:: Given entries ::

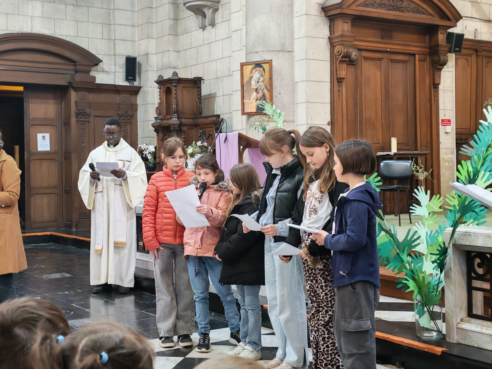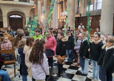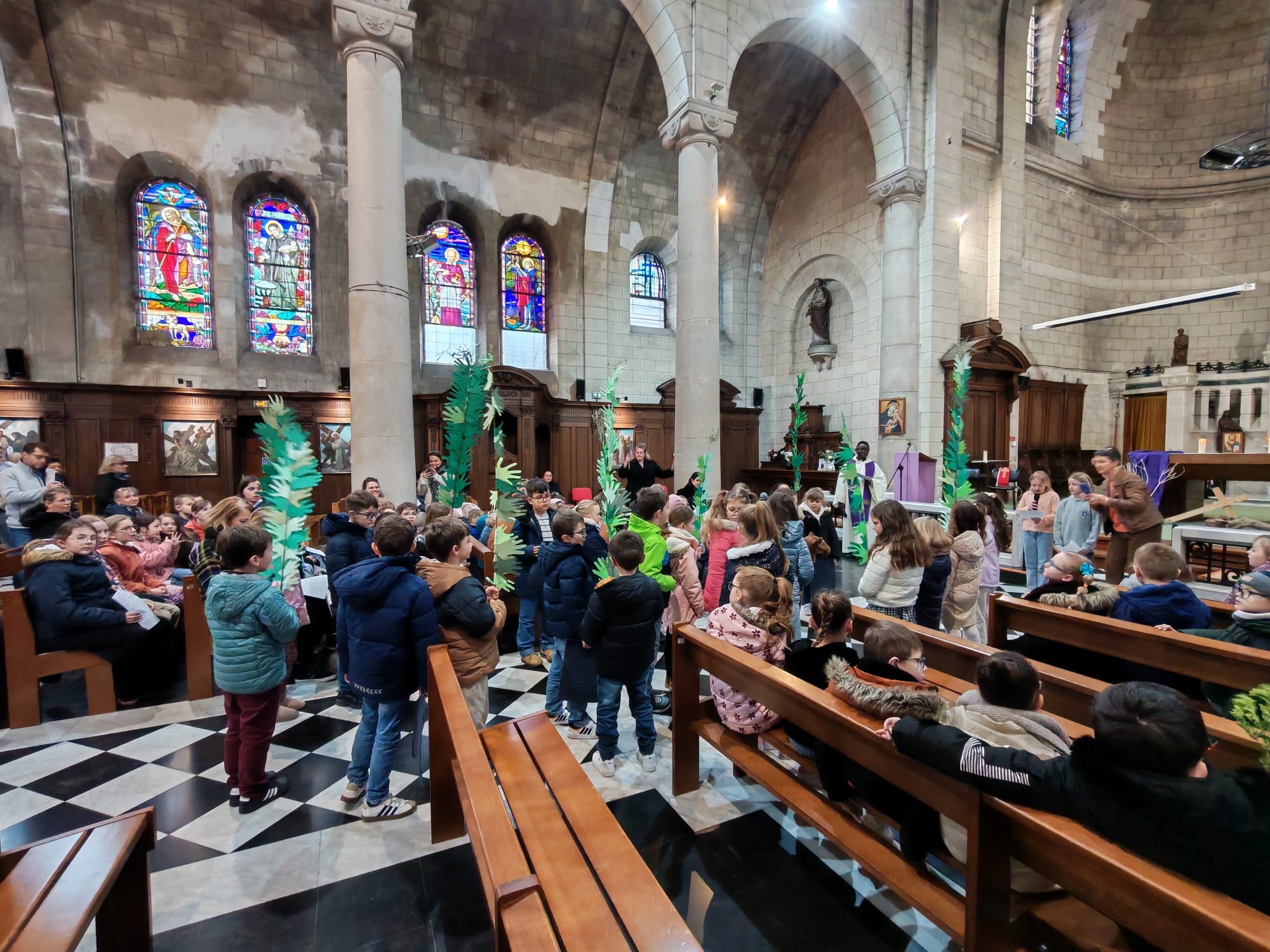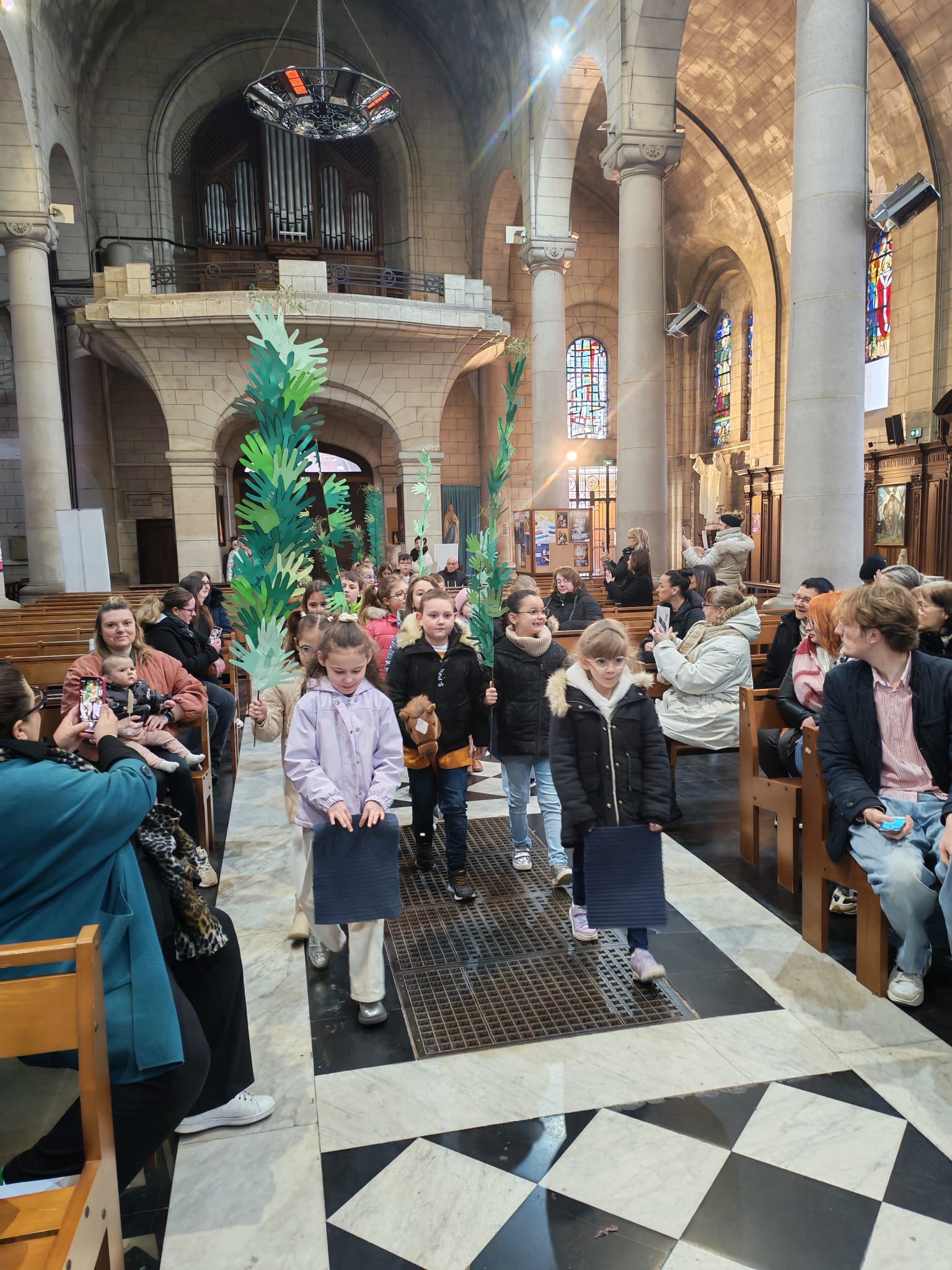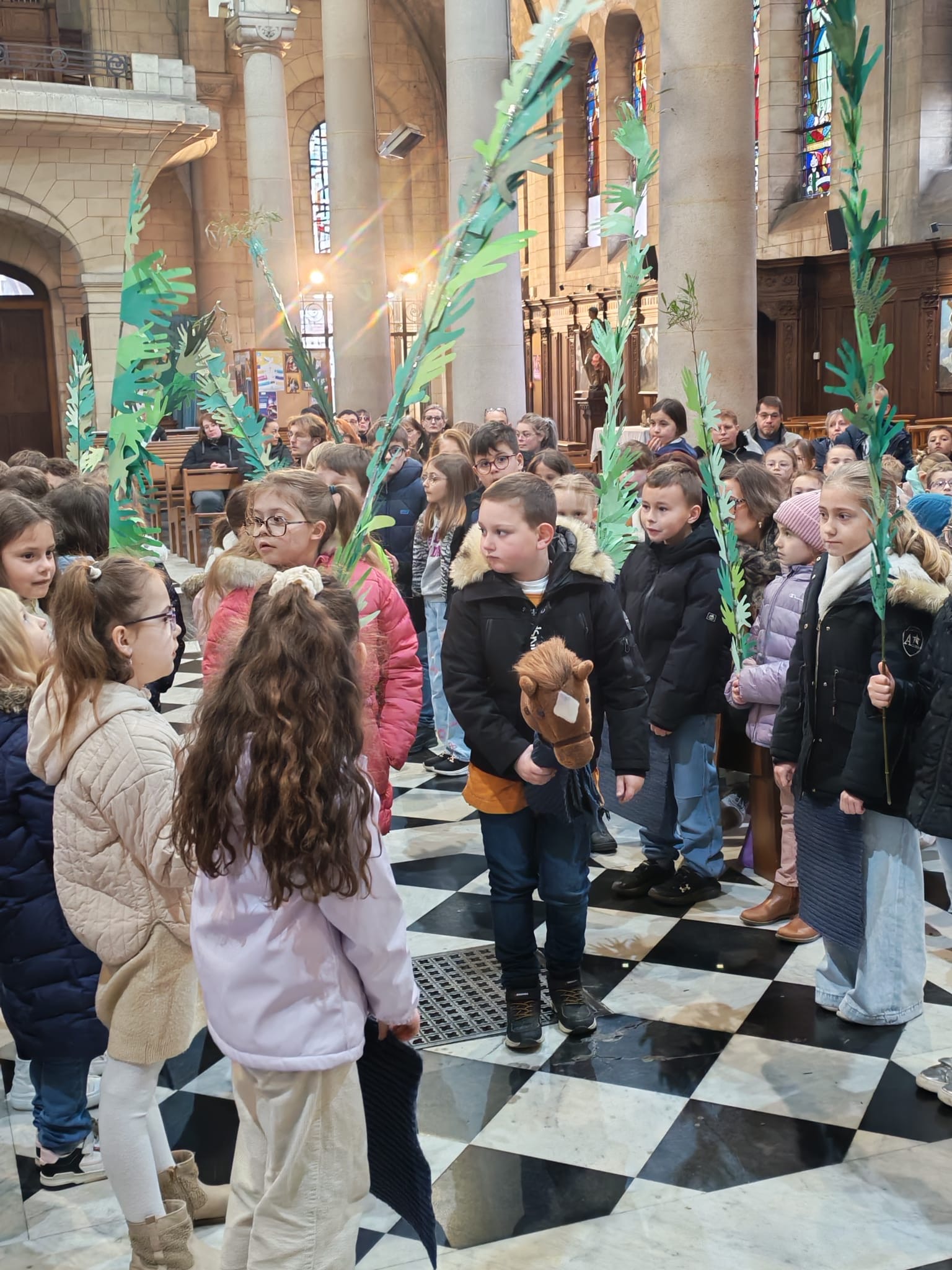 Pour préparer cet événement, les élèves ont participé à différentes activités riches de sens. Ainsi, chacun a confectionné de jolis rameaux décorés d’empreintes de mains, symbolisant l’entrée de Jésus à Jérusalem et l’accueil chaleureux qui lui fut réservé. Ces créations colorées ont apporté une touche vivante et personnelle à la célébration.
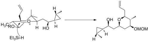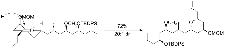 A second example is seen in the key step of the synthesis of (−)-neopeltolide, which uses another six-membered oxocarbenium ring reduction for a diastereoselective hydride addition.[12]
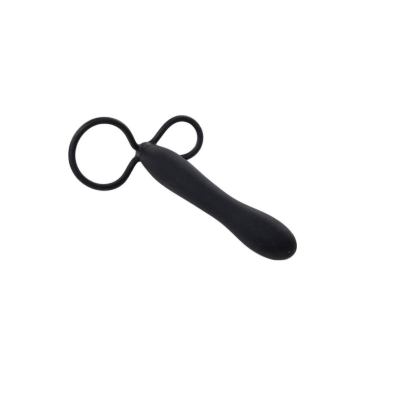 Particolare oggetto da inserire tra il pene e i testicoli dell'uomo per penetrare contemporaneamente la vagina e l'ano della donna. Questo strumento in materiale Tpr colore nero e dotato di due anelli uno da passare sulla base del pene di 3 cm e l'altro sui testicoli di 5 cm .
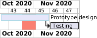 @startgantt printscale weekly 2020/10/26 to 2020/11/01 are colored in salmon Project starts the 2020-10-15 [Prototype design] as [TASK1] lasts 25 days [TASK1] is colored in Lavender/LightBlue [Testing] lasts 15 days [TASK1]->[Testing] @endgantt
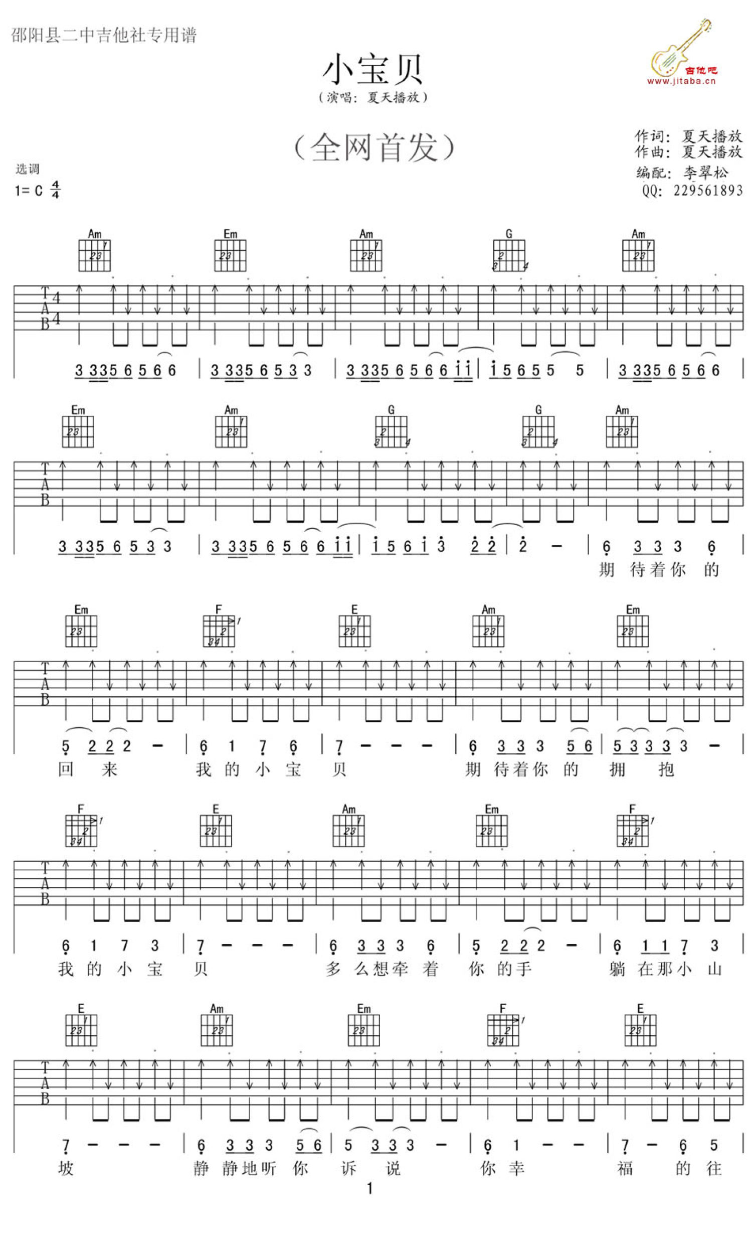 小宝贝吉他谱 - 夏天播放 - C调吉他弹唱谱
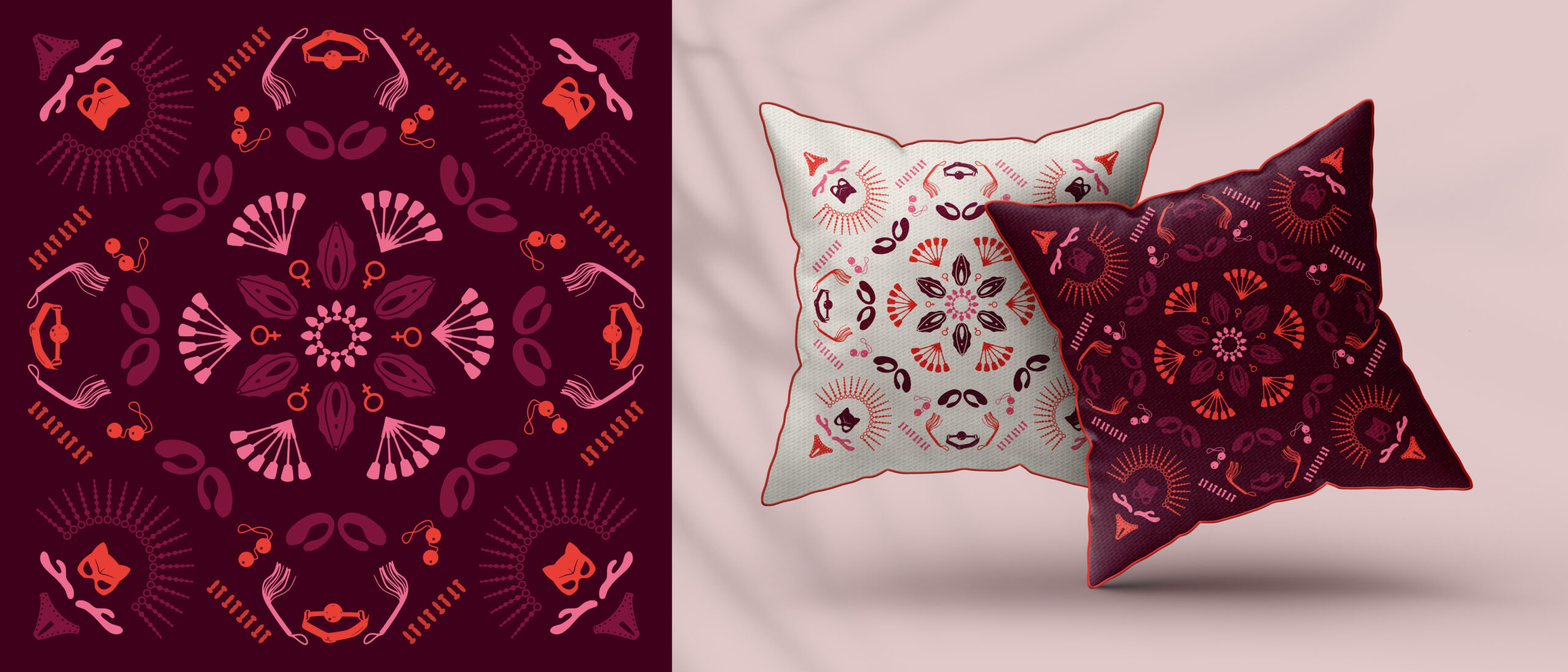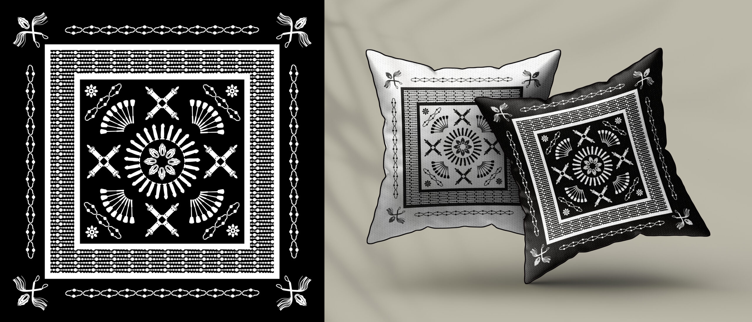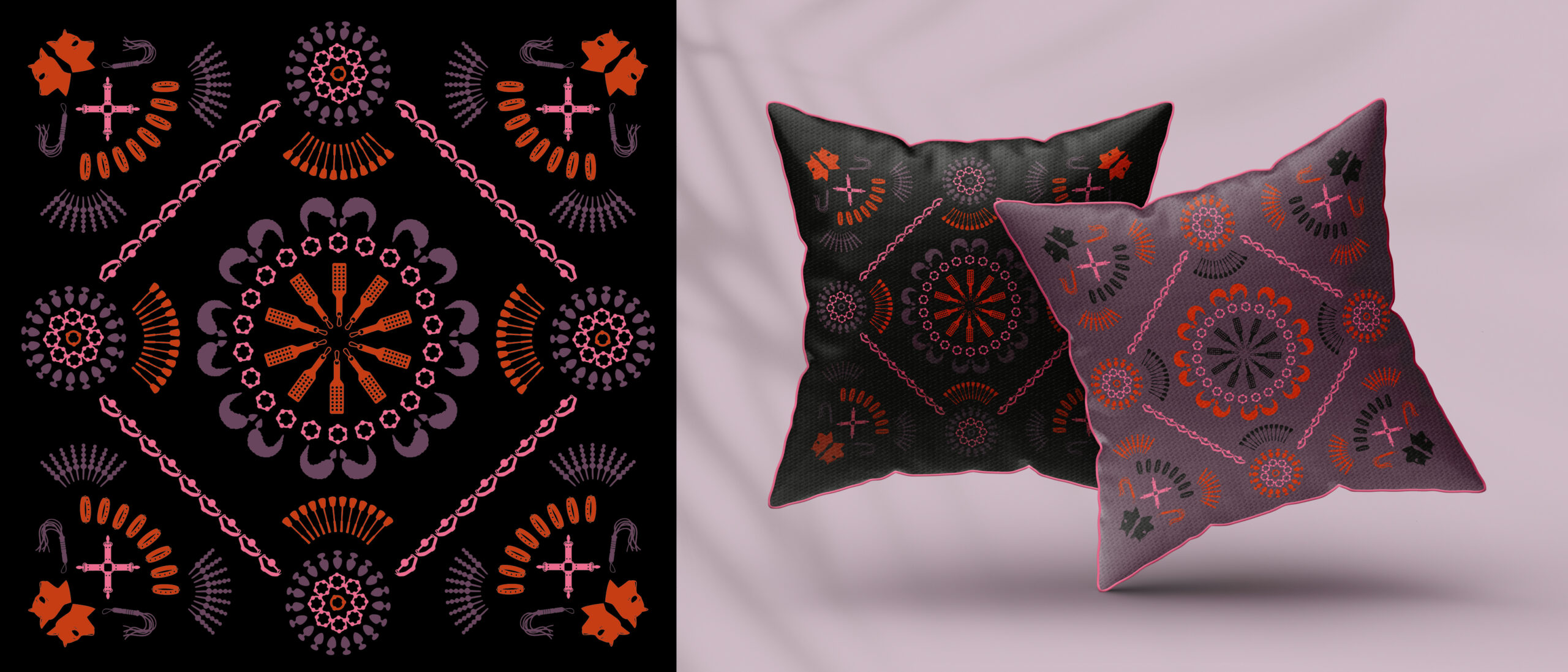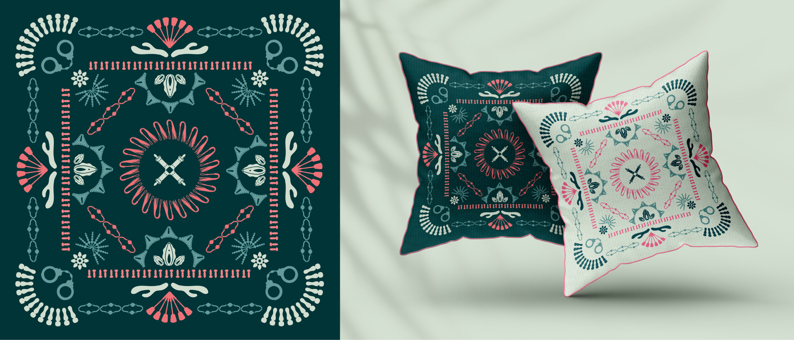 Different print on front and back, contrast edging | Dimensions: W: 30 x H: 30 cm | W: 12 x H: 12 in

:::

§ What needs to be done: Your reply should consist solely of the lines above, from the opening line through the line with "Particolare oggetto da", reproduced exactly and without pictures.

§ Written answer:
 Pour préparer cet événement, les élèves ont participé à différentes activités riches de sens. Ainsi, chacun a confectionné de jolis rameaux décorés d’empreintes de mains, symbolisant l’entrée de Jésus à Jérusalem et l’accueil chaleureux qui lui fut réservé. Ces créations colorées ont apporté une touche vivante et personnelle à la célébration.
 A second example is seen in the key step of the synthesis of (−)-neopeltolide, which uses another six-membered oxocarbenium ring reduction for a diastereoselective hydride addition.[12]
 Particolare oggetto da inserire tra il pene e i testicoli dell'uomo per penetrare contemporaneamente la vagina e l'ano della donna. Questo strumento in materiale Tpr colore nero e dotato di due anelli uno da passare sulla base del pene di 3 cm e l'altro sui testicoli di 5 cm .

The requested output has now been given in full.